Several community members say the school's administration never gave any warning that it was in danger of closing, and have expressed anger that they weren't given the chance to try to help keep the 115-year-old Catholic school alive.

"The alumni, parents, and students were never informed or given any inclination that the school was in trouble," said Cabrini alum Yaharia Alonzo, class of 1994. "We are all just very confused and upset."

Cabrini sophomore Aaliyah Balcacer said officials broke the news to students during an assembly Tuesday.

"I thought it was going to be about the school dance," said Balcacer, 15. "Teachers were crying."

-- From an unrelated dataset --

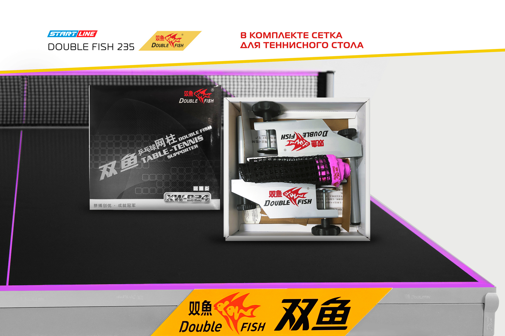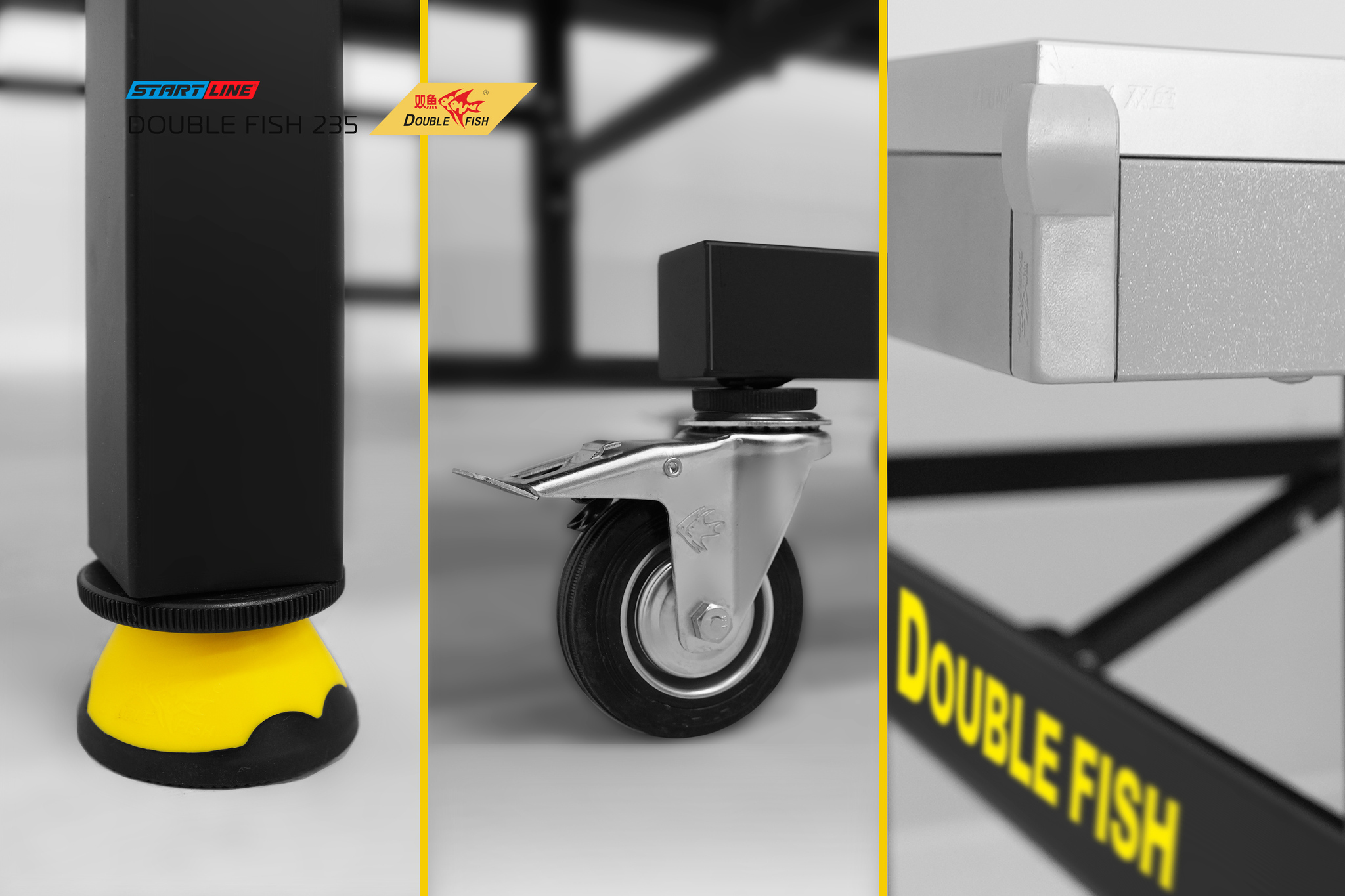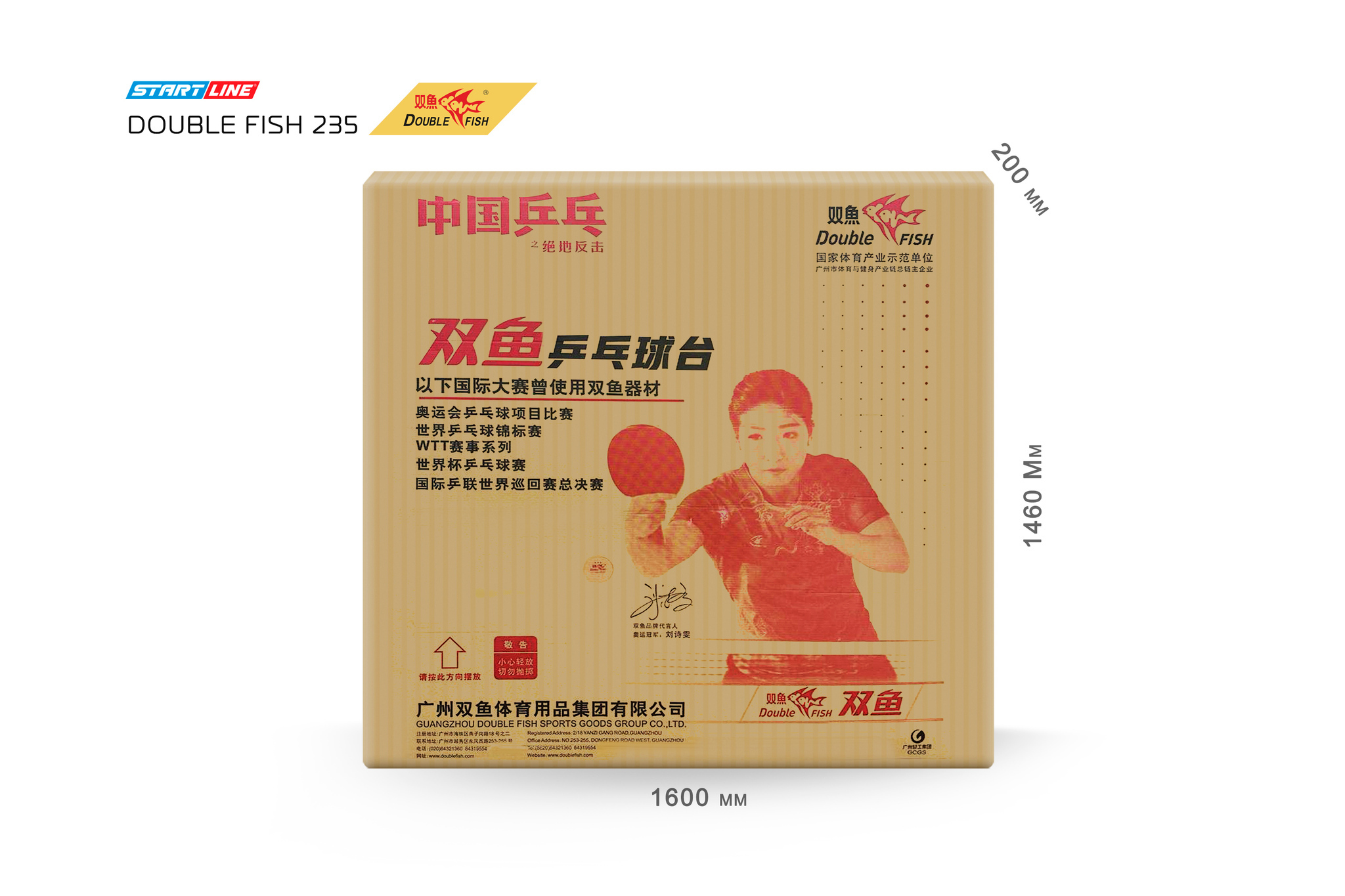Double Fish 235 представлен эксклюзивно Start Line на территории России и стран СНГ. Double Fish 235 – теннисный стол от ведущего производителя оборудования для настольного тенниса. Крепкое сотрудничество Start Line и Double Fish позволило сегодня представить эту уникальную модель на российском рынке и среди стран СНГ. Размеры теннисного стола в рабочем положении соответствуют стандарту ITTF: 274 см в длину, 152,5 см в ширину, 76 см в высоту. Столешница выполнена из МДФ толщиной 25 мм с многослойной покраской. Такая комбинация материалов не только защищает стол от повреждений и трещин, но и гарантирует предсказуемый отскок до 23 см при броске с высоты 30 см. По периметру столешница обрамлена кантом 50х20 мм, который придает игровому полю дополнительную жёсткость и стабильность во время игры, а также защищает края от механического воздействия. Легкая и удобная настройка рабочей позиции теннисного стола обеспечивается при помощи регулировки высоты стальных боковых опор и восьми поворотных колес. Надежная фиксация всех точек опоры позволяет выставить строго горизонтальный уровень стола на любой поверхности. Модель обладает исключительной устойчивостью и прочностью. Восемь обрезиненных маневренных транспортировочных колес диаметром 100 мм обеспечивают легкость перемещения стола. Колеса оснащены стопорами, которые задают жесткую фиксацию нужного положения и стабильность стола во время игры. Теннисный стол Double Fish 235 отличает комфортная и безопасная система складывания. Модель в сложенном виде очень компактна, что дает важные эксплуатационные преимущества: минимум места в положении хранения и удобство манипуляций при транспортировке. Уникальная конструкция позволяет установить стол в положение PlayBack для одиночной игры. Теннисный стол Double Fish 235 не требует сборки. Модель поставляется в собранном виде, необходим только монтаж опор и транспортировочных колес. Стильный и лаконичный дизайн теннисного стола является еще одним преимуществом модели Double Fish 235. Важно, что в комплекте со столом идет профессиональный набор аксессуаров для настольного тенниса. В набор входят сетка XW-924 для теннисного стола, две ракеткиnbsp;nbsp;J8 c накладками ITTF в чехлах, а также мячи 6 шт 3* и 10 шт 1*. Теннисный стол Double Fish 235 - воплощение качества и стиля в индустрии профессионального тенниса, идеальное решение для оснащения спортивных клубов и тренировочных залов.nbsp;nbsp;

The school blamed declining enrollment figures for the shutdown in a letter published on Cabrini's website Tuesday. School spokesman Paul Snatchko painted a grim picture Wednesday, noting that the school needed an average of 100 students in each grade to be viable. Instead, the school's sophomore and junior classes have 75 students each, with the current freshman class sitting at just 50 students. The small class sizes would leave the school in a large operating deficit for the next several years.

"You need a critical mass of students in order to be a successful operation and for the next several years we did not have those numbers," Snatchko said.

Though school officials insist that the decision to close is final, the school's alumni aren't giving up the fight. A Facebook group dedicated to saving the school picked up more than 2,000 members Tuesday, and alumni are planning to gather signatures and are discussing holding a rally to save what they say is an integral part of Northern Manhattan.

"Cabrini is everything to me," Alonzo said. "It's a part of who I am. My happiest and my best years of my life happened at Cabrini."

"It's my second home," Balcacer said. "I really don't want to leave Cabrini."

The school's alumni base is also arguing that they should have been informed of Cabrini's dire straits, and that they could have done something to help.

"I'm sure if they sent a letter out asking for donations to keep the school going for a few months or a year, we could do that," said Alonzo, 38. "But nothing was sent out; nothing was said."

Though the school is not operated by the Archdiocese of New York, that organization posted a letter on its website expressing sadness at Cabrini's closure. The Archdiocese has offered to help students transition to a new school. 

That offer won't be enough for Balcacer's mother, Arlene Fernandez, who said she and her daughter turned down two full scholarships at other city Catholic schools to accept a scholarship from Cabrini.

When Fernandez asked Cabrini about transferring the scholarship to alternate schools, she was told it might not happen.

"They don't know if her scholarships are still valid," said Fernandez of her daughter's situation. "They can't give me an answer. "If I had known the school was in trouble I would have gone to another school to begin with."

Students aren't the only ones left looking for answers. The Uptown Community Church has rented space for weekly meetings in Cabrini for more than five years, and church pastor Reyn Cabinte is unsure where they will go in June.

"I got about 15 emails from people yesterday," said Cabinte, who has written an open letter expressing sadness at Cabrini's closing. "Closing wasn't anything that we expected."

"We're just sad," Cabinte added. "They've always been great to us."